Detection Methods for CVE-2026-7928
Indicators of Compromise
- Chrome renderer process crashes (chrome.exe child processes) referencing WebRTC modules such as peerconnection, webrtc.dll, or libwebrtc symbols in Windows Error Reporting data.
- Outbound Session Traversal Utilities for NAT (STUN) or Traversal Using Relays around NAT (TURN) traffic to attacker-controlled infrastructure initiated by browsing sessions on unexpected sites.
- Endpoint telemetry showing Chrome renderer processes spawning unexpected child processes or performing anomalous file and registry writes after visiting an untrusted page.
Detection Strategies
- Inventory installed Chrome versions across Windows endpoints and flag any build below 148.0.7778.96.
- Hunt for renderer crash dumps tagged with use-after-free signatures in WebRTC frames using existing crash telemetry pipelines.
- Correlate web proxy logs with endpoint browsing telemetry to identify users visiting low-reputation domains that initiate WebRTC sessions.
Monitoring Recommendations
- Stream Chrome process telemetry, browser extension events, and WebRTC connection metadata into a central analytics platform for retrospective hunting.
- Alert on Chrome renderer processes performing post-exploitation behaviors such as code injection, suspicious DLL loads, or token manipulation on Windows.
- Track Google's Stable channel release feed and automate alerting when new Chrome security advisories reference WebRTC or renderer components.
How to Mitigate CVE-2026-7928
Immediate Actions Required
- Update Google Chrome on all Windows endpoints to version 148.0.7778.96 or later and restart the browser to apply the fix.

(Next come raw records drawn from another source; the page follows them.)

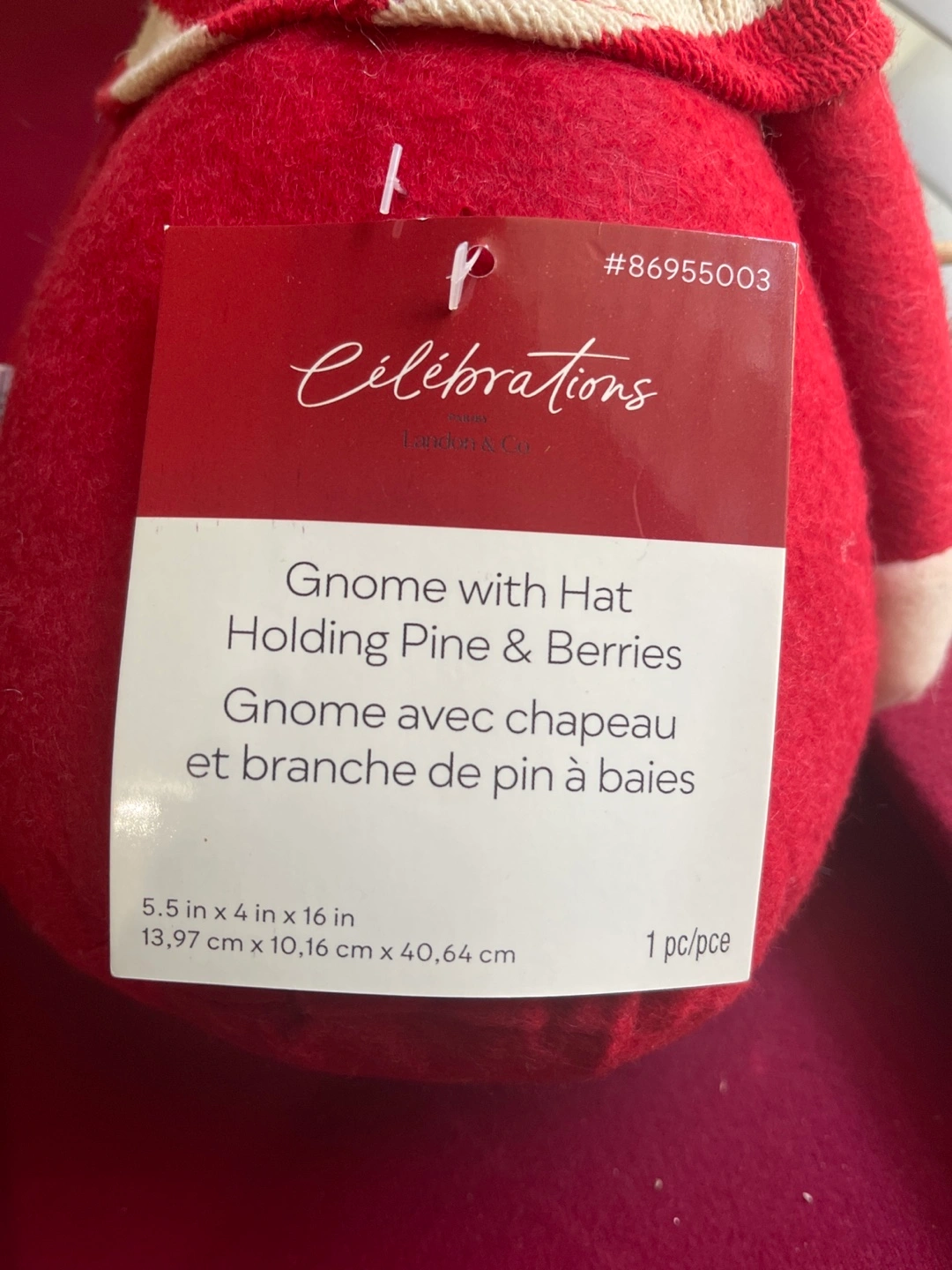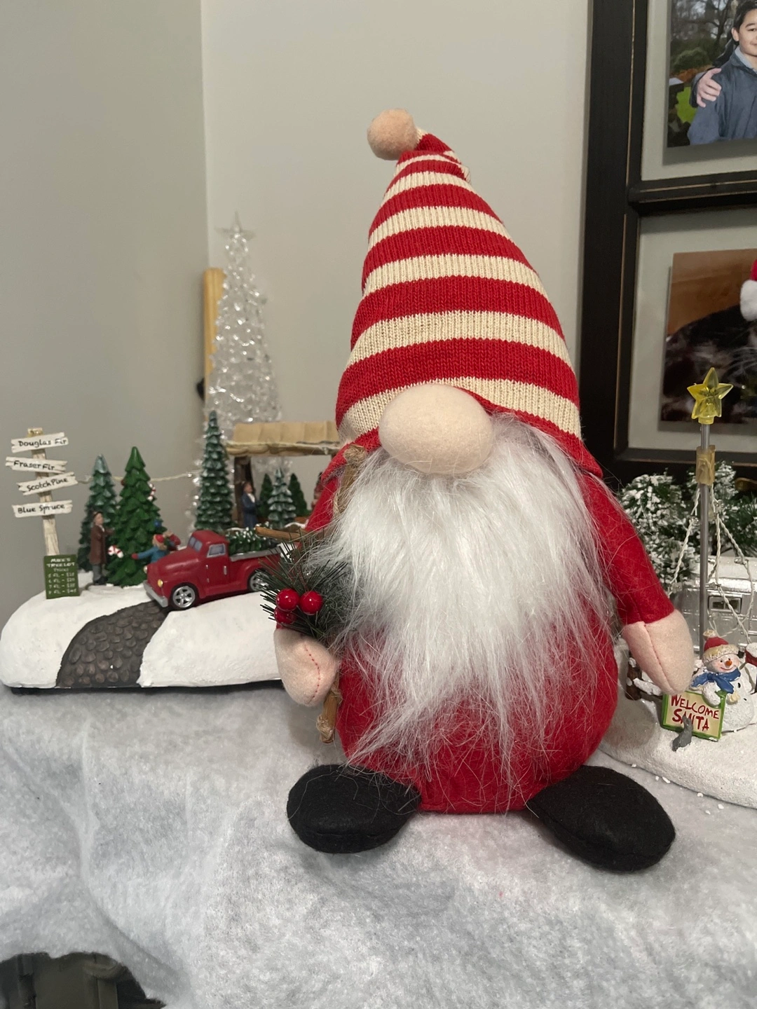 Red and white striped hat. Holding pine branch with red berries. Pick up in east Maple Ridge
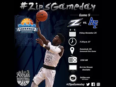 The Akron Zips will travel to Savannah, Ga. to finish the final two games of the Savannah Invitational on Friday, Nov. 25 and Saturday, Nov 26. First, Akron will play Air Force at the Savannah Civic Center, beginning at 7:30 p.m. followed by a win/loss scenario against either East Carolina or Mercer.
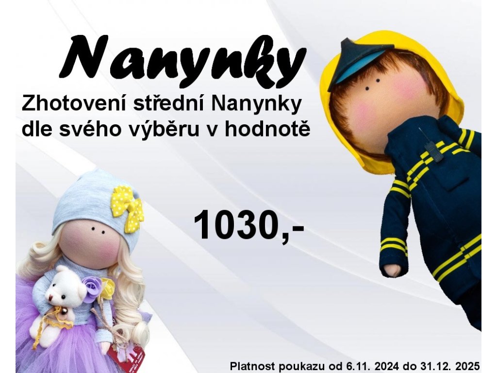 Dárkový poukaz na zhotovení střední Nanynky dle Vašeho výběru. Lze zaslat elektronicky či poštou, prosím při volbě zaslání elektronicky volte prosím "osobní odběr v Novém Boru"

- Force a managed update through enterprise deployment tooling rather than relying solely on background updates for at-risk users.
- Audit Chromium-based browsers and embedded browser frameworks in your environment to confirm they have absorbed the upstream WebRTC patch.
Patch Information
Google addressed CVE-2026-7928 in the Stable channel update for desktop that ships Chrome 148.0.7778.96 for Windows. Details are published in the Google Chrome Release Notes. Apply the vendor-supplied update as the primary remediation.
Workarounds
- Disable or restrict WebRTC functionality through enterprise policy where business workflows do not require it, using the WebRtcAllowLegacyTLSProtocols and related Chrome policies to limit exposure.
- Apply browsing restrictions and category-based web filtering at the proxy or secure web gateway to block access to untrusted sites until patching is complete.
- Enforce least privilege on Windows user accounts so that any post-sandbox-escape activity is contained to a low-privilege context.
# Verify deployed Chrome version on a Windows endpoint via PowerShell
(Get-Item "$env:ProgramFiles\Google\Chrome\Application\chrome.exe").VersionInfo.ProductVersion
# Example Group Policy registry path to enforce minimum version through management tooling
# HKLM\SOFTWARE\Policies\Google\Chrome\TargetVersionPrefix = "148.0.7778.96"
Disclaimer: This content was generated using AI. While we strive for accuracy, please verify critical information with official sources.